Exercise requirements:
Line by line, set down all the data below exactly, omitting any picture.

---------- Entries shown

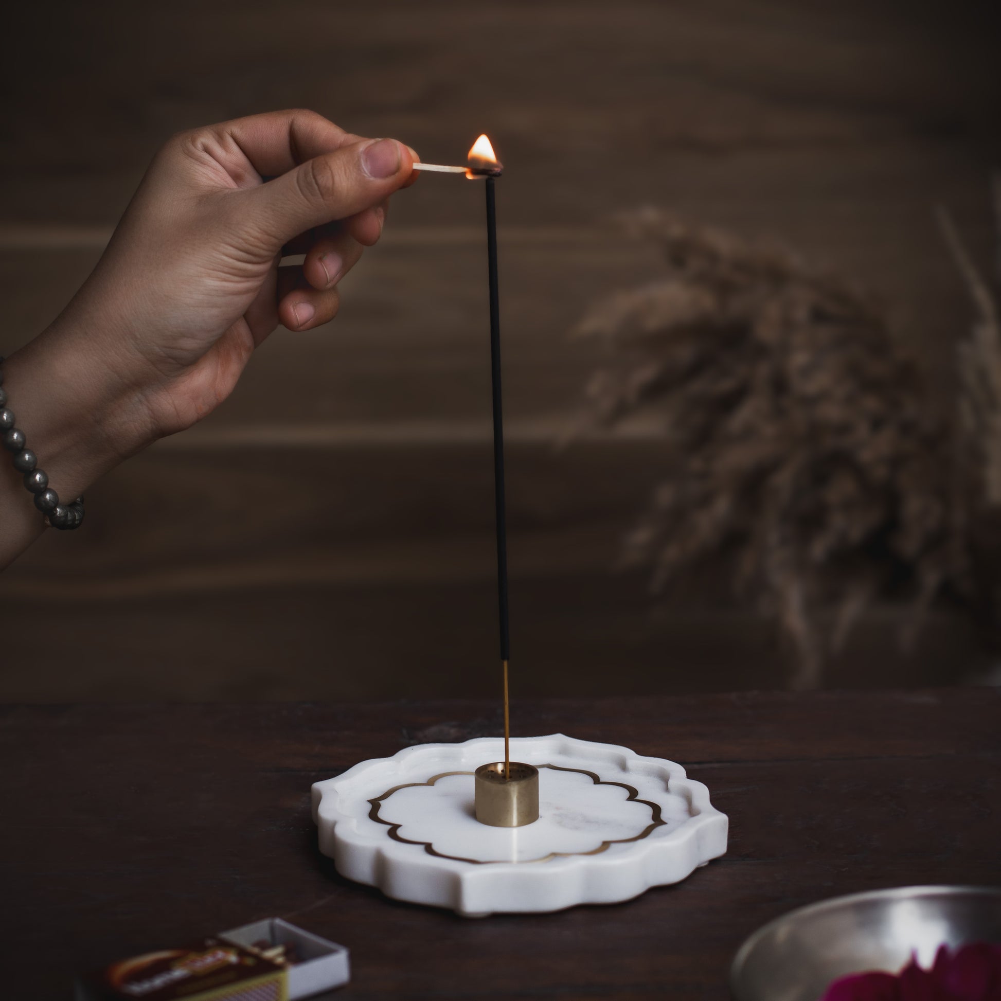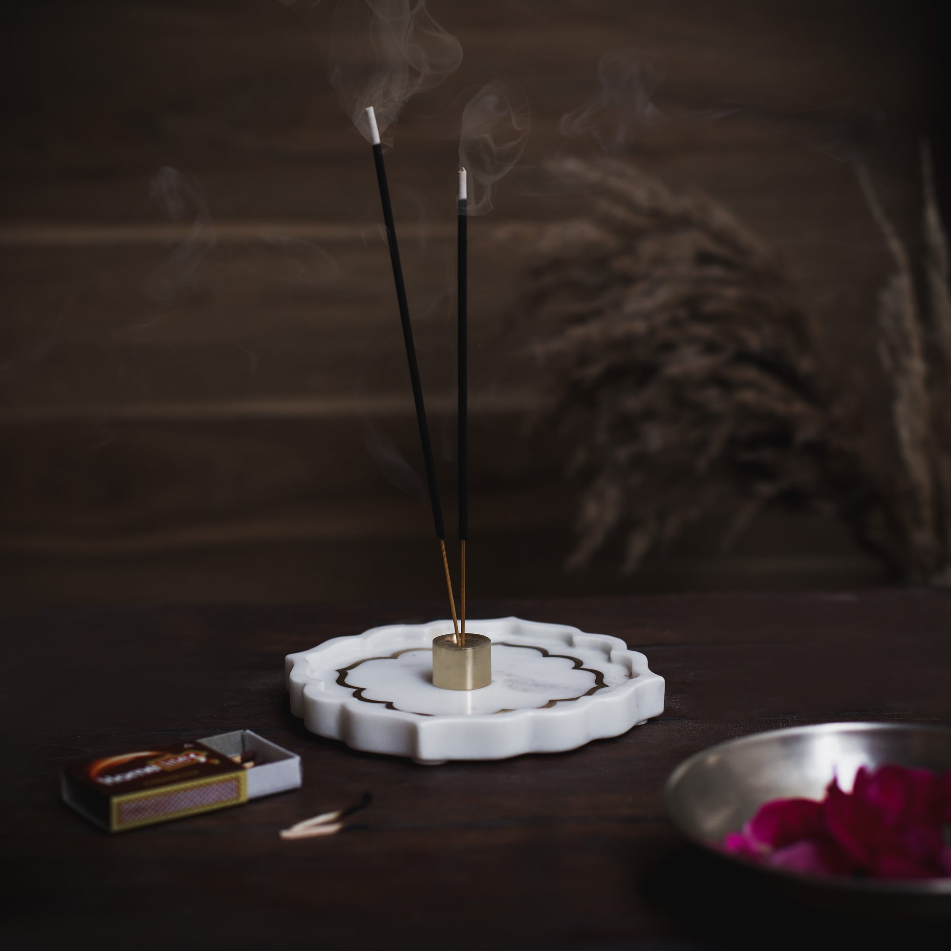 Crafted from premium marble, our incense holder features a stunning tray with intricate brass inlay, measuring a convenient 5.5 inches to effortlessly capture ash. The removable, free-standing brass incense holder adds versatility, allowing you to use this piece in multiple ways. Not only does it serve as an elegant focal point for your decor, but the tray can also double as a stylish catch-all for keys, prasadam, or other small items. Elevate your space with this beautiful blend of function and sophistication.
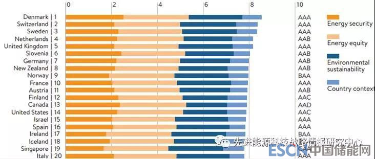 圖1 2018年“能源三難困境”指數(shù)綜合得分前20名的國(guó)家
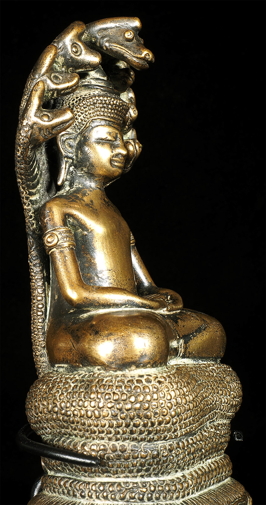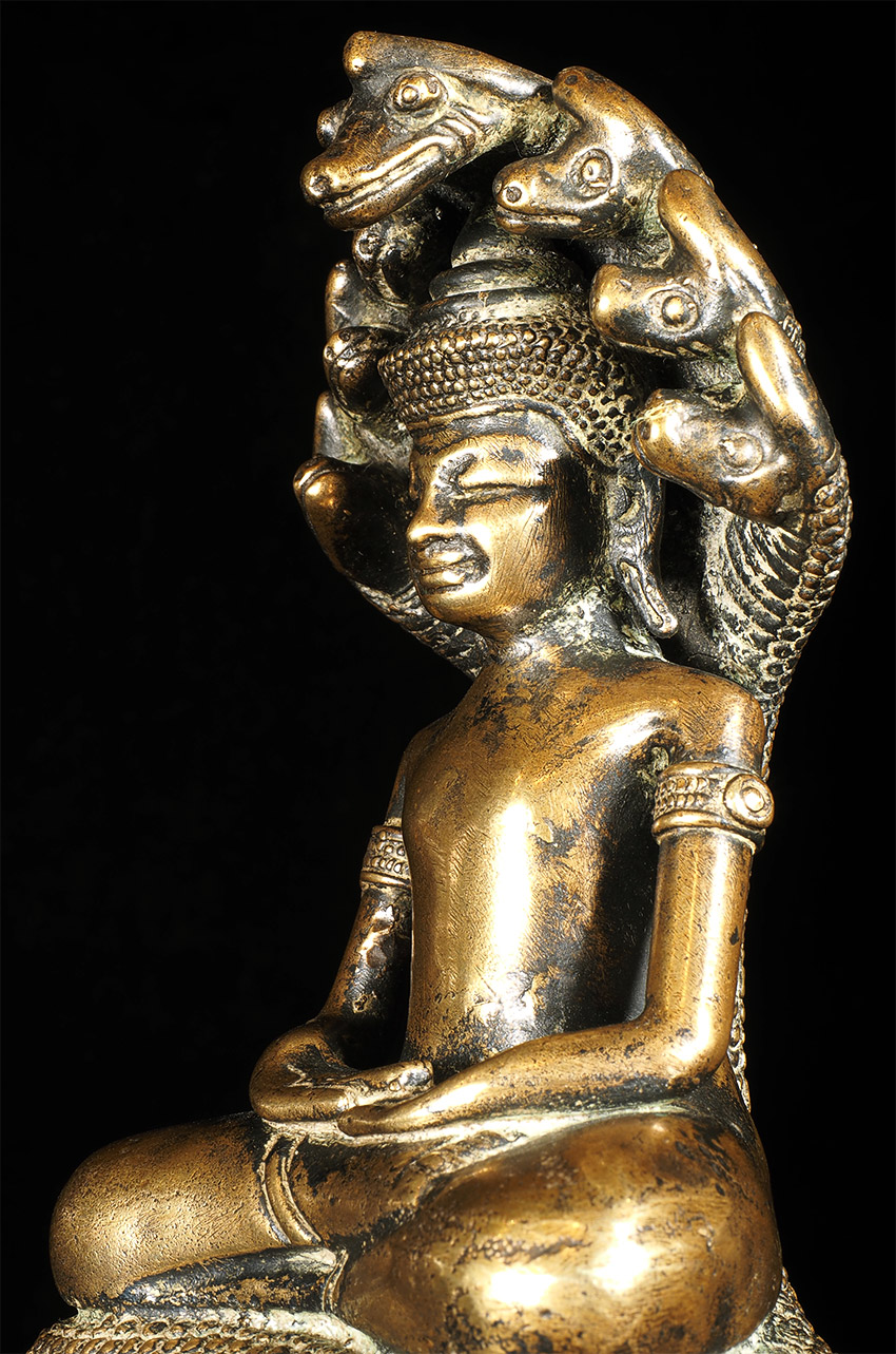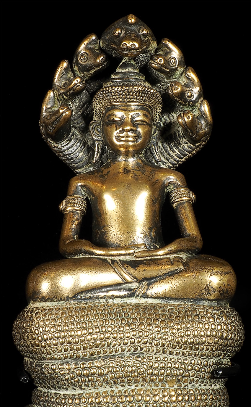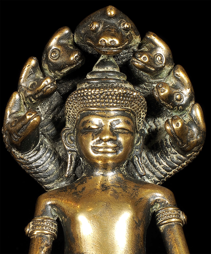 17/18thC Cambodian Bronze Naga Buddha. I've had several of this type before over the past 30 years, but never a Naga Buddha. And what a Naga Buddha it is! Each Naga head has a real face with a distinctive personality. The body and back are filled with the most intricate detail I've seen on almost any Buddha I've owned. A number of related examples on my website include: 5169, 6058, and 6376.Sits 6 7/8 inches tall. Very special.
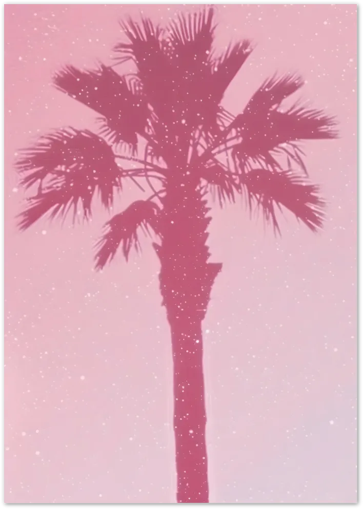 A dreamy pink-toned silhouette of a palm tree against a soft gradient sky. A subtle and stylish tropical wall art print.
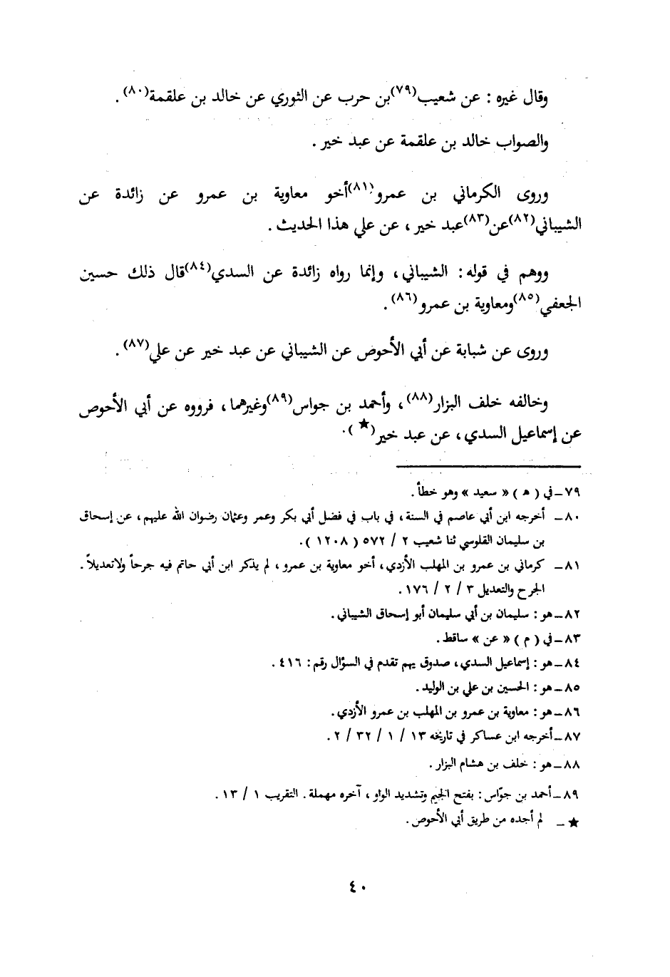 وَخَالَفَهُ خَلَفٌ الْبَزَّارُ وَأَحْمَدُ بْنُ جَوَّاسٍ وَغَيْرُهُمَا فَرَوُوهُ، عَنْ أَبِي الْأَحْوَصِ، عَنْ إِسْمَاعِيلَ السُّدِّيِّ عَنْ عَبْدِ خَيْرٍ.
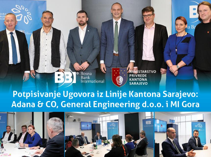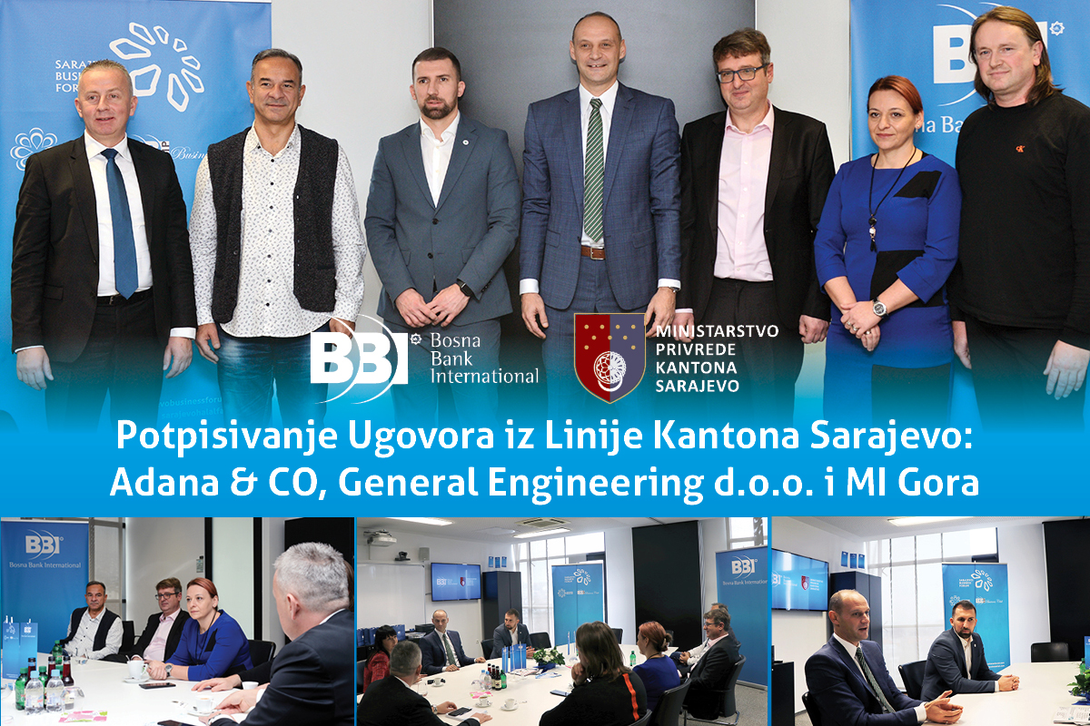 Danas je u prostorijama BBI banke upriličeno svečano potpisivanje novih ugovora sa kompanijama kojima su odobrena finansijska sredstva sa subvencioniranom profitnom maržom iz Linije Kantona Sarajevo. Finansijska sredstva su dodijeljena na osnovu Javnog poziva i Ugovora o poslovnoj saradnji između Ministarstva privrede KS i Bosna Bank International (BBI). Riječ je o kompanijama koje dolaze iz oblasti proizvodnje hrane, metalske industrije i elektro-inžinjeringa.
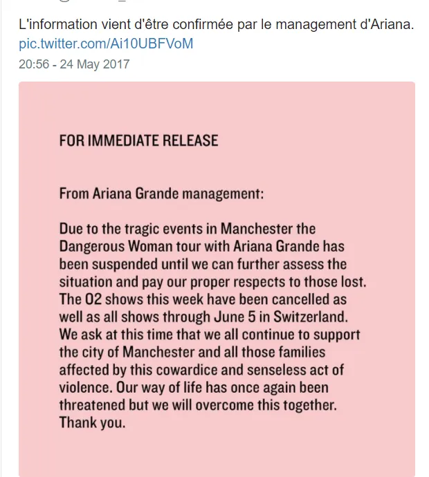 En intitulant sa série de concerts "Dangerous woman Tour, la pauvre Ariana Grande n'imaginait pas être tristement prophétique. Une image détournée de l'illustration de la tournée, un ruban noir sur fond rose, fait le buzz sur les réseaux sociaux. Nul doute d'ailleurs que la tournée de la "Femme dangereuse" devra changer de nom si elle doit reprendre la route.
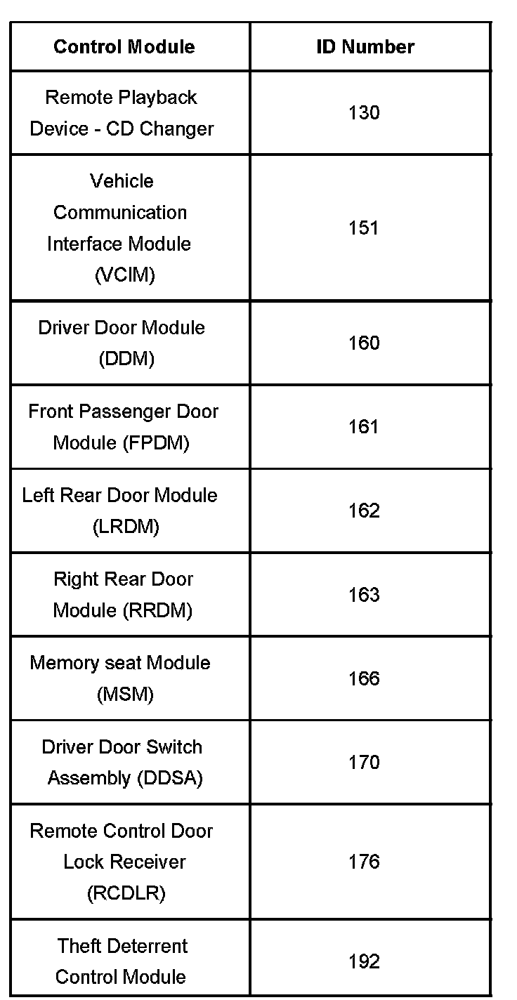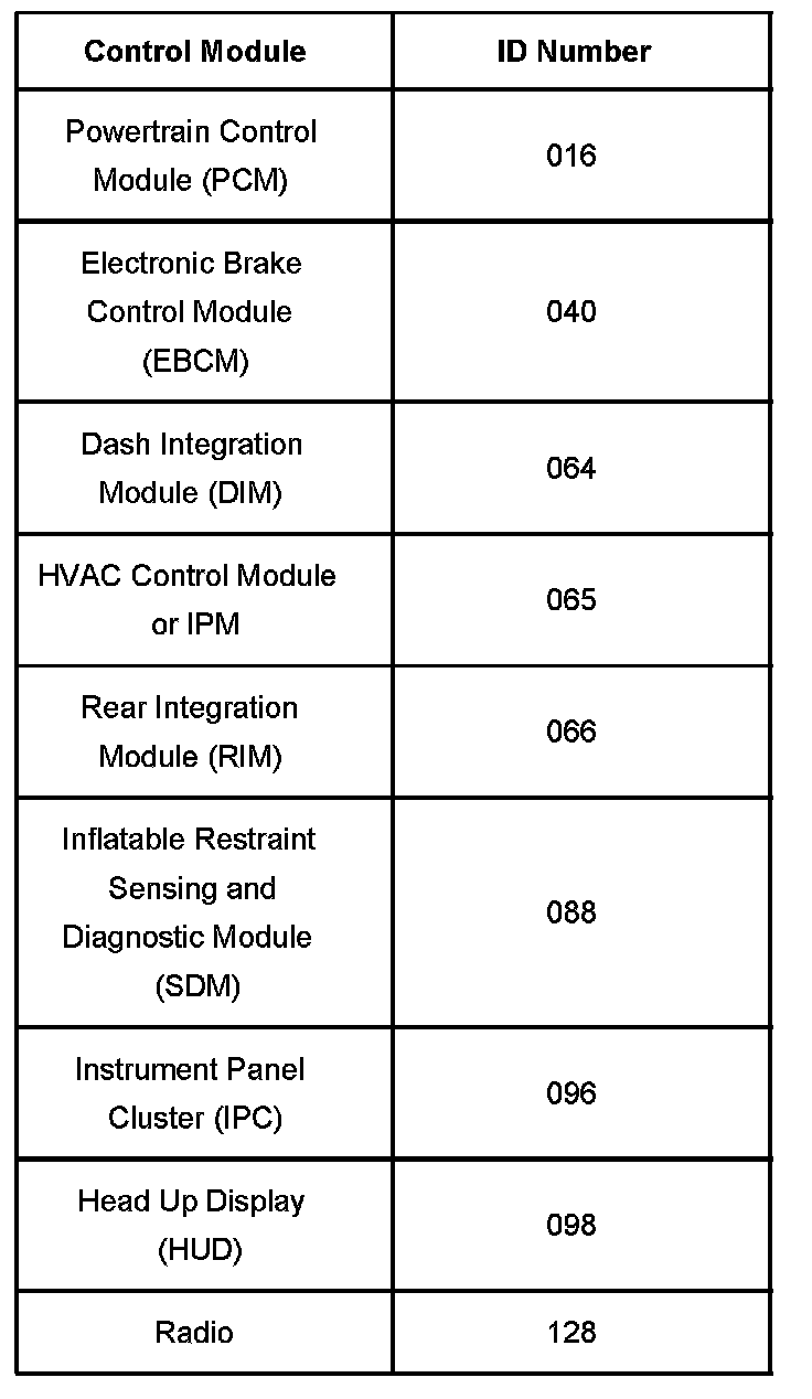 The control module ID number list provides a method for determining which module is not communicating. A module with a class 2 serial data circuit malfunction or which loses power during the current ignition cycle will have a Loss of Communication DTC set by other modules that depend on information from that failed module. The modules that can communicate will set a DTC indicating the module that can not communicate. When no message is detected from a learned identification number for 5 seconds, a DTC U1XXX where XXX is equal to the 3 digit identification number is set.
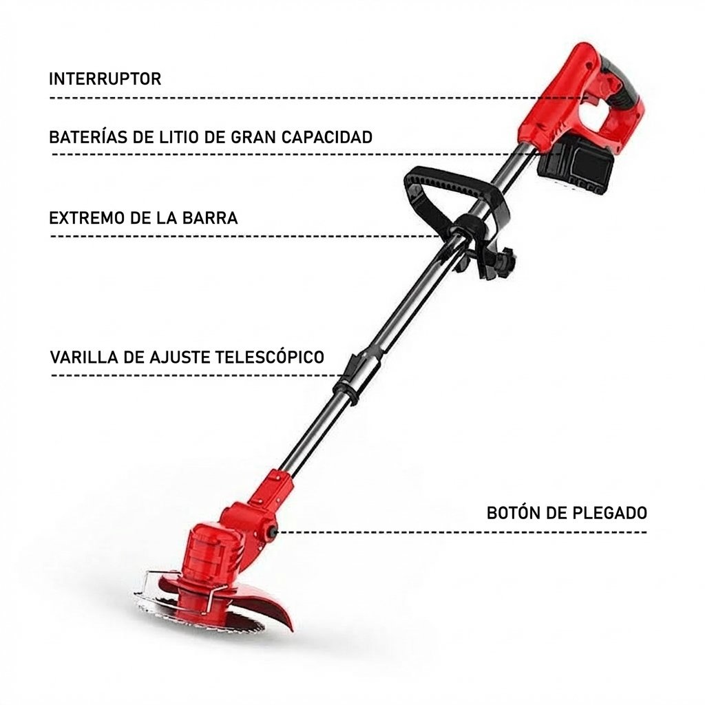 Desbrozadora inalámbrica profesional ideal para mantener tu jardín, patio o terreno en perfecto estado sin cables ni gasolina.

--------------------

Written solution:
 Crafted from premium marble, our incense holder features a stunning tray with intricate brass inlay, measuring a convenient 5.5 inches to effortlessly capture ash. The removable, free-standing brass incense holder adds versatility, allowing you to use this piece in multiple ways. Not only does it serve as an elegant focal point for your decor, but the tray can also double as a stylish catch-all for keys, prasadam, or other small items. Elevate your space with this beautiful blend of function and sophistication.
 圖1 2018年“能源三難困境”指數(shù)綜合得分前20名的國(guó)家
 17/18thC Cambodian Bronze Naga Buddha. I've had several of this type before over the past 30 years, but never a Naga Buddha. And what a Naga Buddha it is! Each Naga head has a real face with a distinctive personality. The body and back are filled with the most intricate detail I've seen on almost any Buddha I've owned. A number of related examples on my website include: 5169, 6058, and 6376.Sits 6 7/8 inches tall. Very special.
 A dreamy pink-toned silhouette of a palm tree against a soft gradient sky. A subtle and stylish tropical wall art print.
 وَخَالَفَهُ خَلَفٌ الْبَزَّارُ وَأَحْمَدُ بْنُ جَوَّاسٍ وَغَيْرُهُمَا فَرَوُوهُ، عَنْ أَبِي الْأَحْوَصِ، عَنْ إِسْمَاعِيلَ السُّدِّيِّ عَنْ عَبْدِ خَيْرٍ.
 Danas je u prostorijama BBI banke upriličeno svečano potpisivanje novih ugovora sa kompanijama kojima su odobrena finansijska sredstva sa subvencioniranom profitnom maržom iz Linije Kantona Sarajevo. Finansijska sredstva su dodijeljena na osnovu Javnog poziva i Ugovora o poslovnoj saradnji između Ministarstva privrede KS i Bosna Bank International (BBI). Riječ je o kompanijama koje dolaze iz oblasti proizvodnje hrane, metalske industrije i elektro-inžinjeringa.
 En intitulant sa série de concerts "Dangerous woman Tour, la pauvre Ariana Grande n'imaginait pas être tristement prophétique. Une image détournée de l'illustration de la tournée, un ruban noir sur fond rose, fait le buzz sur les réseaux sociaux. Nul doute d'ailleurs que la tournée de la "Femme dangereuse" devra changer de nom si elle doit reprendre la route.
 The control module ID number list provides a method for determining which module is not communicating. A module with a class 2 serial data circuit malfunction or which loses power during the current ignition cycle will have a Loss of Communication DTC set by other modules that depend on information from that failed module. The modules that can communicate will set a DTC indicating the module that can not communicate. When no message is detected from a learned identification number for 5 seconds, a DTC U1XXX where XXX is equal to the 3 digit identification number is set.
 Desbrozadora inalámbrica profesional ideal para mantener tu jardín, patio o terreno en perfecto estado sin cables ni gasolina.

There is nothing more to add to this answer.